Directions:
Please return every line of the records below that holds the word "driver".

Listed records:
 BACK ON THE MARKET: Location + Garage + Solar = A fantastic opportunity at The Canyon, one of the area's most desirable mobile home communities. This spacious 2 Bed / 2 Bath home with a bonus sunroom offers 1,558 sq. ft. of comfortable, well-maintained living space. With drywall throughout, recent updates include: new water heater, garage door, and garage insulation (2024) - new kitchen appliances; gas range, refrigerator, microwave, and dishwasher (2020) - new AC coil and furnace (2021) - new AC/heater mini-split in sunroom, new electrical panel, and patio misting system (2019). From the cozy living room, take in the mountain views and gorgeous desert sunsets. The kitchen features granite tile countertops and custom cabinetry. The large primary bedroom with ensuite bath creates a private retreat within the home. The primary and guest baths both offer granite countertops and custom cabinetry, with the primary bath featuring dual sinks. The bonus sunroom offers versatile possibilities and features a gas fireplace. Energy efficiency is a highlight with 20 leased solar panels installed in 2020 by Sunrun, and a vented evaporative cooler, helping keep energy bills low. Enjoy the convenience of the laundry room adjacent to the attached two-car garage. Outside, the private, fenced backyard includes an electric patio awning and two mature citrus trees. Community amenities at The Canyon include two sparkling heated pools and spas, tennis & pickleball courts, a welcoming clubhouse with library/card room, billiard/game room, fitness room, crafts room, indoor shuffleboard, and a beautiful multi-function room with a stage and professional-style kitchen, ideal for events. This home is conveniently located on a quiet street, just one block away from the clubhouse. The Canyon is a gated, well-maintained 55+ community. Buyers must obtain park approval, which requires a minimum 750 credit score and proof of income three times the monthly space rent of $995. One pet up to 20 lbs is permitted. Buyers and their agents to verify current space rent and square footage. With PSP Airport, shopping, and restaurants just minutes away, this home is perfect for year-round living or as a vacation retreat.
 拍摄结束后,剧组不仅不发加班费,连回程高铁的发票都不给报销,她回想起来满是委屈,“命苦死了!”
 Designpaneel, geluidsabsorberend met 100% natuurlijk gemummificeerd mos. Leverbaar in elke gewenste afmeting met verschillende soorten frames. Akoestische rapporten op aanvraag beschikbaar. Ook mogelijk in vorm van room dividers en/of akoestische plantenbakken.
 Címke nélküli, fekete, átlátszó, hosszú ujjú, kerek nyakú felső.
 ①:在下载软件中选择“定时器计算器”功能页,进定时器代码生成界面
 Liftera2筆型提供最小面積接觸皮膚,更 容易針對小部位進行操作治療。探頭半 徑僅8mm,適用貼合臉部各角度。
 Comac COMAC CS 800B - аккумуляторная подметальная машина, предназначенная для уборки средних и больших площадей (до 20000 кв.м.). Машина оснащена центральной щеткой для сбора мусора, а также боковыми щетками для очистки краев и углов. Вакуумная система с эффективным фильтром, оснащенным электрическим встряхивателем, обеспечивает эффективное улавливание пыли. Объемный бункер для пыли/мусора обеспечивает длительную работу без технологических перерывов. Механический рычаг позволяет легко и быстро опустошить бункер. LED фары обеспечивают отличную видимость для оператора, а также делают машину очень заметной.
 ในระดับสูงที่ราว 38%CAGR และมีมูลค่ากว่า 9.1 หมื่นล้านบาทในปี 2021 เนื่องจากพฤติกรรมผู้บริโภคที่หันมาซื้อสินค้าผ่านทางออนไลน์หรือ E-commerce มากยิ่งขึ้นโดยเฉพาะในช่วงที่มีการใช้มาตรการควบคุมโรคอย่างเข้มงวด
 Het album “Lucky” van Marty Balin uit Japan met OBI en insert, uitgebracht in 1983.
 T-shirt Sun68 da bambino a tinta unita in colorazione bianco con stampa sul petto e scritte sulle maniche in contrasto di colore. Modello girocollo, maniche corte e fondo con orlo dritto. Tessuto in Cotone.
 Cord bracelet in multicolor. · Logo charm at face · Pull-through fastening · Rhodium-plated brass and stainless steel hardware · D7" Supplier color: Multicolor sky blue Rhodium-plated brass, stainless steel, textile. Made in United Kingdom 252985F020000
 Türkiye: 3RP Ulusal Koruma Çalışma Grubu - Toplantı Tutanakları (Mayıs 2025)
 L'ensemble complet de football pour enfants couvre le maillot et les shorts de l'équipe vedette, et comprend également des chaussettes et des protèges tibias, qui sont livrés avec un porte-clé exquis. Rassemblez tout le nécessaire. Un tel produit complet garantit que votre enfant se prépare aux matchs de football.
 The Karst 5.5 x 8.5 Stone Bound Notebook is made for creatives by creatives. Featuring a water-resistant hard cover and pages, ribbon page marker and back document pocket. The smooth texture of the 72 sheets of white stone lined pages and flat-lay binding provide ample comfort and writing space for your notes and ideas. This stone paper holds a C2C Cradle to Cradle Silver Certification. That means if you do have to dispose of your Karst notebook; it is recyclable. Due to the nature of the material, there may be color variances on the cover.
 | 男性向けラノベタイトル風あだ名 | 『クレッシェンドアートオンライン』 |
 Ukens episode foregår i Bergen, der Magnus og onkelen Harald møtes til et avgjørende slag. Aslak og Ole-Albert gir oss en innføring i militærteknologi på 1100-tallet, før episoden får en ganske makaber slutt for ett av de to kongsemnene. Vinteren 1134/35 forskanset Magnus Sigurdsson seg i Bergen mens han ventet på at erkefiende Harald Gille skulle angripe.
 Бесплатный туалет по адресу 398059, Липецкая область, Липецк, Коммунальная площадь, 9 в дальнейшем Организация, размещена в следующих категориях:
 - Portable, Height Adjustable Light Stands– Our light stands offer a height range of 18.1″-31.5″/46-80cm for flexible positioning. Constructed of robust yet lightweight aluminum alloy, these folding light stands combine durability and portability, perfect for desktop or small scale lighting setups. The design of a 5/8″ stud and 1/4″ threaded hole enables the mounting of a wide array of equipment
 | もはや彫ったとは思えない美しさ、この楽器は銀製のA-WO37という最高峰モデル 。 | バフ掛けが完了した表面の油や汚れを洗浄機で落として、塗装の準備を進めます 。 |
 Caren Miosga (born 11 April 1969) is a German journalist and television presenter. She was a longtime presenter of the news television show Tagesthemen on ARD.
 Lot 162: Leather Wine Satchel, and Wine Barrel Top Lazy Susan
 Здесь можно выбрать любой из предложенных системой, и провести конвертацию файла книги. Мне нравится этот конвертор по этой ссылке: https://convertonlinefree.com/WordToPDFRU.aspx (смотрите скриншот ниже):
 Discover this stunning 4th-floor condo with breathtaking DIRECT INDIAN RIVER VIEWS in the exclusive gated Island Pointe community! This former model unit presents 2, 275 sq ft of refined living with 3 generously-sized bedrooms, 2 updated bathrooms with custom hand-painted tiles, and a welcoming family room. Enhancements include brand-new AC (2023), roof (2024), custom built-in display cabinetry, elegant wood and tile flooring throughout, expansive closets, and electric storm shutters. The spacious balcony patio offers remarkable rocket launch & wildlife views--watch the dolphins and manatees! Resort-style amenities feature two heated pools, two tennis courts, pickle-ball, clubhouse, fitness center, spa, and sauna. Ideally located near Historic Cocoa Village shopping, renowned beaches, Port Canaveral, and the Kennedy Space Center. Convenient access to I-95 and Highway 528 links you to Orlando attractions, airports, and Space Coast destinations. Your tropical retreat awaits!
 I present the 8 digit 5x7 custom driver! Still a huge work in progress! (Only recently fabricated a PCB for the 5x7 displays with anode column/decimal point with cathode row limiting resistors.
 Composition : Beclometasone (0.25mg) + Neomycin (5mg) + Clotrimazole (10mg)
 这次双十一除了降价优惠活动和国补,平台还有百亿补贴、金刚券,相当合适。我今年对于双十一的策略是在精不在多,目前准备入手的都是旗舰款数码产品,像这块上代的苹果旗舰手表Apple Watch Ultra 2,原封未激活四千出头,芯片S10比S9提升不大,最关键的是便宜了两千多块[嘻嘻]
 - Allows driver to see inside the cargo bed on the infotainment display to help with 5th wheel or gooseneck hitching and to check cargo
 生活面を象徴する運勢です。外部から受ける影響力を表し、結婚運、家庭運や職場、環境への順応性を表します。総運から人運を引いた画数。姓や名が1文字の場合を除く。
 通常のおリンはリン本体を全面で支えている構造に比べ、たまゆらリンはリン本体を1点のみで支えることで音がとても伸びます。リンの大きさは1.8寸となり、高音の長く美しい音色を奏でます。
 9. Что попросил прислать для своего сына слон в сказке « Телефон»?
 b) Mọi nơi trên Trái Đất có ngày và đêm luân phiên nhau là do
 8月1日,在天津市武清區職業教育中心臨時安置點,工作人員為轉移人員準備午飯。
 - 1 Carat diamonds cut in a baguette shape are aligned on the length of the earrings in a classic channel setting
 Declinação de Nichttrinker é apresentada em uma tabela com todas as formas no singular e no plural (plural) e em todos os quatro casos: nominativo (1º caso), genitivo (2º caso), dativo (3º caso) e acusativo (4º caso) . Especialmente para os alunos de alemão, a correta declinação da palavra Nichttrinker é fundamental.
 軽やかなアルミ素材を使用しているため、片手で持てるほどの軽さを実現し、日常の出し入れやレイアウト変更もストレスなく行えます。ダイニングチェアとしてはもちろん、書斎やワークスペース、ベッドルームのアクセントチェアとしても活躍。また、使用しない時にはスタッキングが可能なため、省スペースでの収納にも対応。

Result:
 I present the 8 digit 5x7 custom driver! Still a huge work in progress! (Only recently fabricated a PCB for the 5x7 displays with anode column/decimal point with cathode row limiting resistors.
 - Allows driver to see inside the cargo bed on the infotainment display to help with 5th wheel or gooseneck hitching and to check cargo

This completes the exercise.